17.3. Dominating Set and Set Cover*

The main result we will prove in this section is a solution of the set cover problem:

Theorem 17.5: Let \((U,\mathcal{S})\) be an instance of the set cover problem. Then an optimal set cover of \(U\) can be computed in \(O^*\bigl(1.24^{|U| + |\mathcal{S}|}\bigr)\) time.

We can use Theorem 17.5 to solve the dominating set problem:

A dominating set of a graph \(G = (V, E)\) is a subset \(D \subseteq V\) such that every vertex in \(V \setminus D\) hsa a neighbour in \(D\).

Dominating Set Problem: Given a graph \(G = (V, E)\), find a dominating set of minimum size.

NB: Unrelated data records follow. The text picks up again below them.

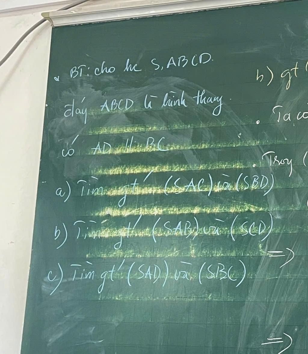 $\begin {cases} AD // BC \\ AD \subset (SAD) \\ BC \subset (SBC) \\ S \in (SAD) \cap (SBC) \end {cases}$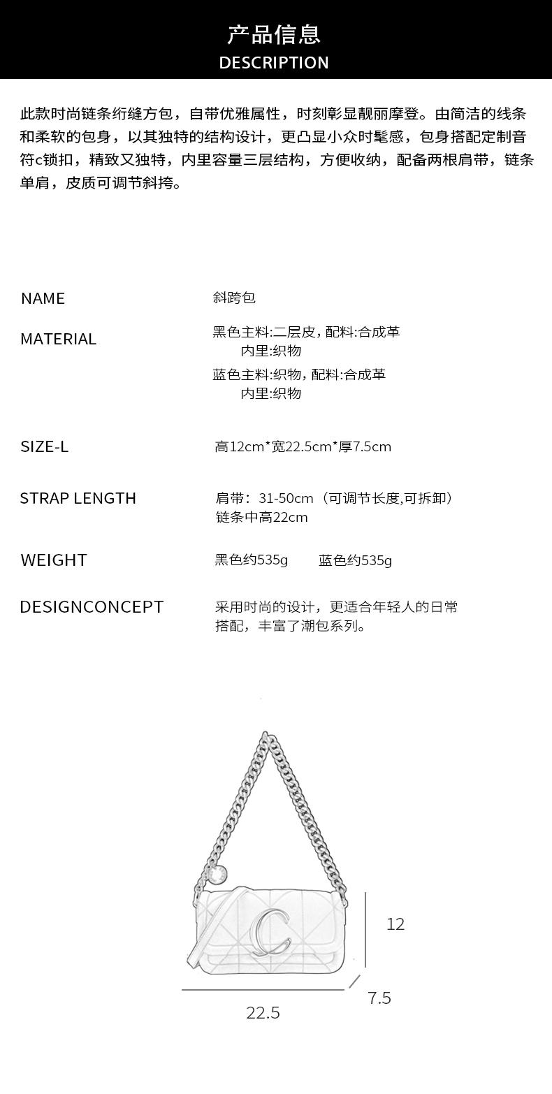 Cowec Ycaki 高级感时尚单肩斜挎链条小方包
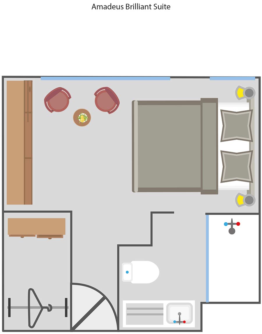 Travel in luxury and style when you choose one of our Deluxe Suites. Our largest en-suite cabins, at 26.4 square metres, a walk-out balcony, walk-in wardrobe an river-view lounge area.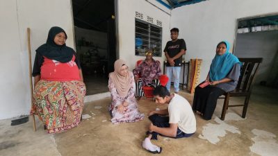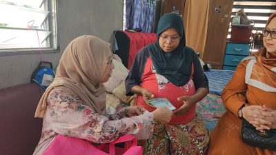 祖莱妮(左二)上门探望并捐赠现金及生活物资予诺尔茜亚一家。(取自祖莱妮脸书)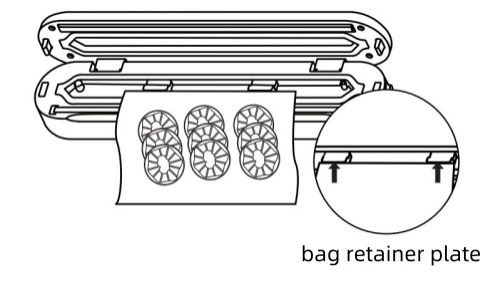 - Insert the open end of the vacuum bag into the machine’s vacuum chamber. For optimal results, position the bag opening under the bag retainer plate.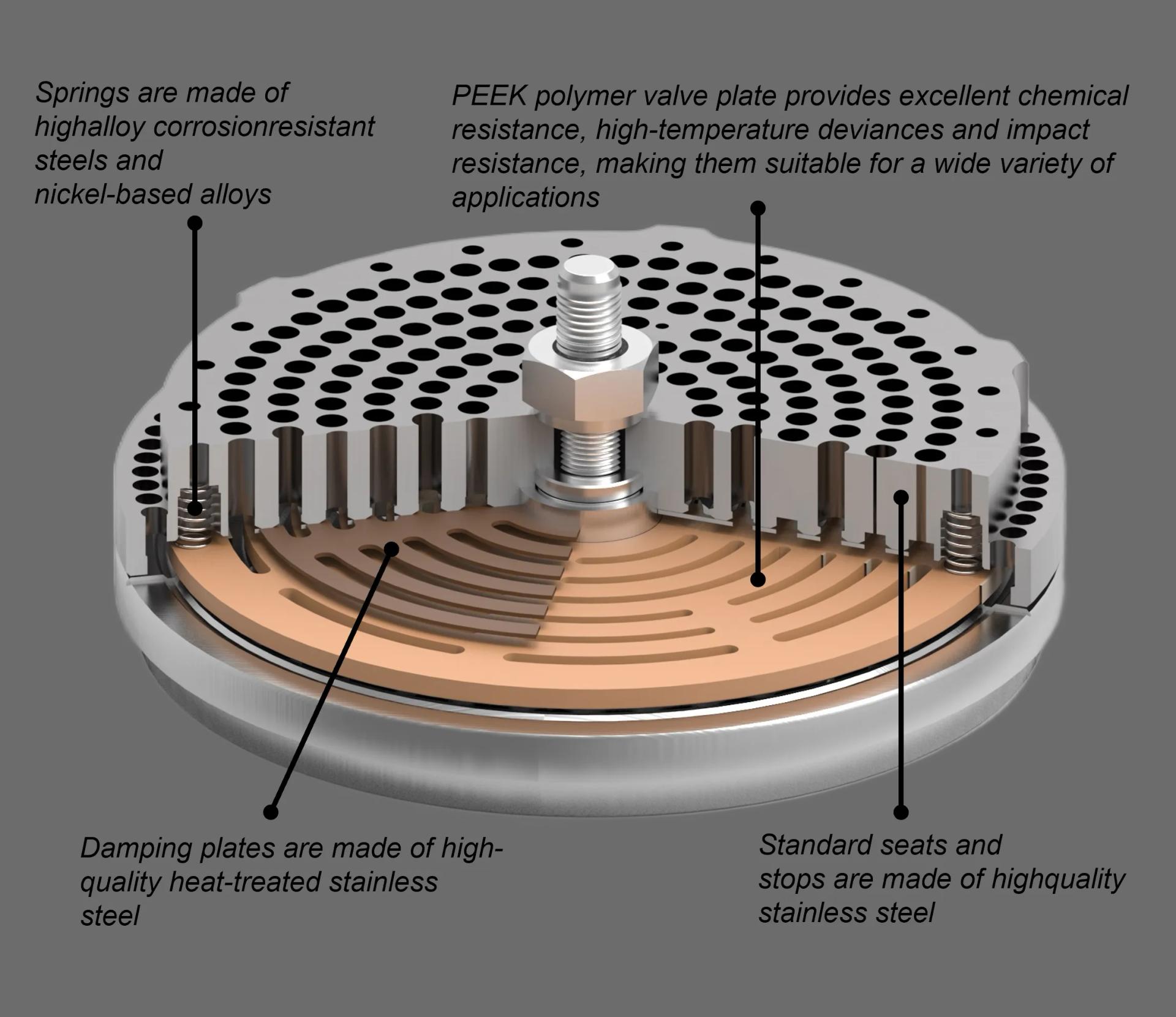 - The polymer valve plate, locked against rotation, provides excellent tightness

Corollary 17.6: A minimum dominating set of a graph can be found in \(O^*(1.53^n)\) time.

Proof: Let \(U = V\) and let \(\mathcal{S} = \{N[v] \mid v \in V\}\). Then \(D\) is a dominating set of \(G\) if and only if \(\{N[v] \mid v \in D\}\) is a set cover of \(U\). Thus, we can find a minimum dominating set of \(G\) by finding a minimum set cover of \(U\) using subsets of \(\mathcal{S}\). Since \(|U| = n\) and \(|\mathcal{S}| = n\), this takes \(O^*\bigl(1.24^{2n}\bigr) = O^*(1.53^n)\) time, by Theorem 17.5. ▨

Note that Corollary 17.6 improves significantly on the naïve \(O^*(2^n)\)-time algorithm that simply tries all possible subsets of the vertices of \(G\). A simple analysis of the algorithm discussed in this section based only on the input size of each recursive call produces a running time bound of \(O^*(1.91^n)\). Measure and Conquer allows us to significantly improve on this bound and thereby obtain Corollary 17.6.